__Exercise goal__.
Drop the images. Copy every line below character for character.

__Source material__.
========

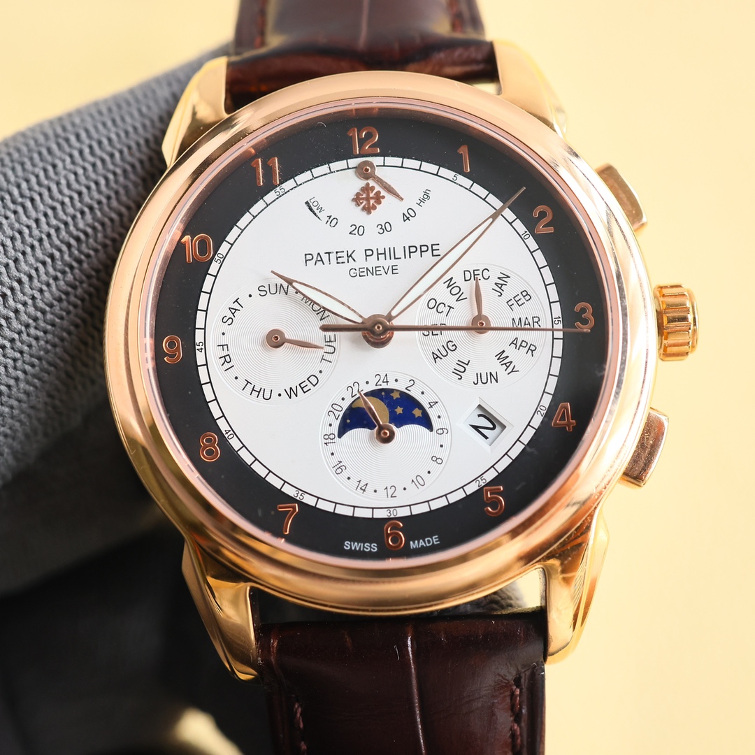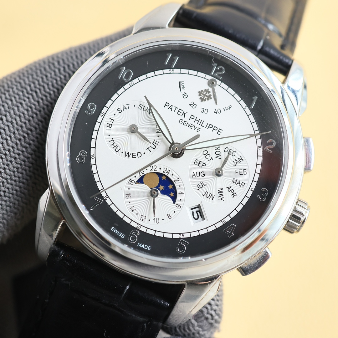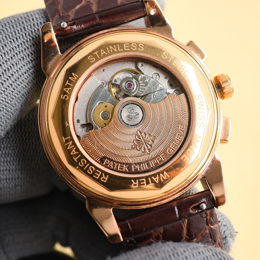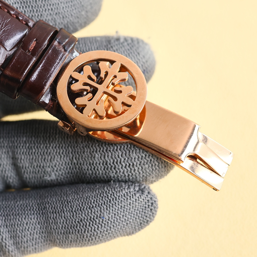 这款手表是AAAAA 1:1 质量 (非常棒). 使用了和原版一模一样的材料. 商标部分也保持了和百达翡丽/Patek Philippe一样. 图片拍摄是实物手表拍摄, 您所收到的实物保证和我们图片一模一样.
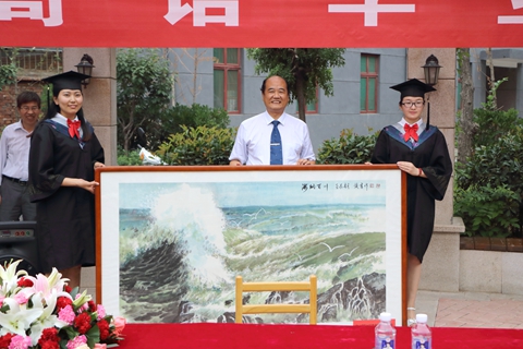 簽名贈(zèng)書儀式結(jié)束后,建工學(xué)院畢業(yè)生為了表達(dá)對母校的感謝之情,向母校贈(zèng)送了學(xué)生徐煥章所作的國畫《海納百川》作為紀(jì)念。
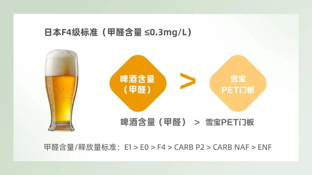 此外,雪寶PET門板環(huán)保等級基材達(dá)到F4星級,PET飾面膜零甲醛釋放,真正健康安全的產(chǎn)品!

========

__Answer box__.
 这款手表是AAAAA 1:1 质量 (非常棒). 使用了和原版一模一样的材料. 商标部分也保持了和百达翡丽/Patek Philippe一样. 图片拍摄是实物手表拍摄, 您所收到的实物保证和我们图片一模一样.
 簽名贈(zèng)書儀式結(jié)束后,建工學(xué)院畢業(yè)生為了表達(dá)對母校的感謝之情,向母校贈(zèng)送了學(xué)生徐煥章所作的國畫《海納百川》作為紀(jì)念。
 此外,雪寶PET門板環(huán)保等級基材達(dá)到F4星級,PET飾面膜零甲醛釋放,真正健康安全的產(chǎn)品!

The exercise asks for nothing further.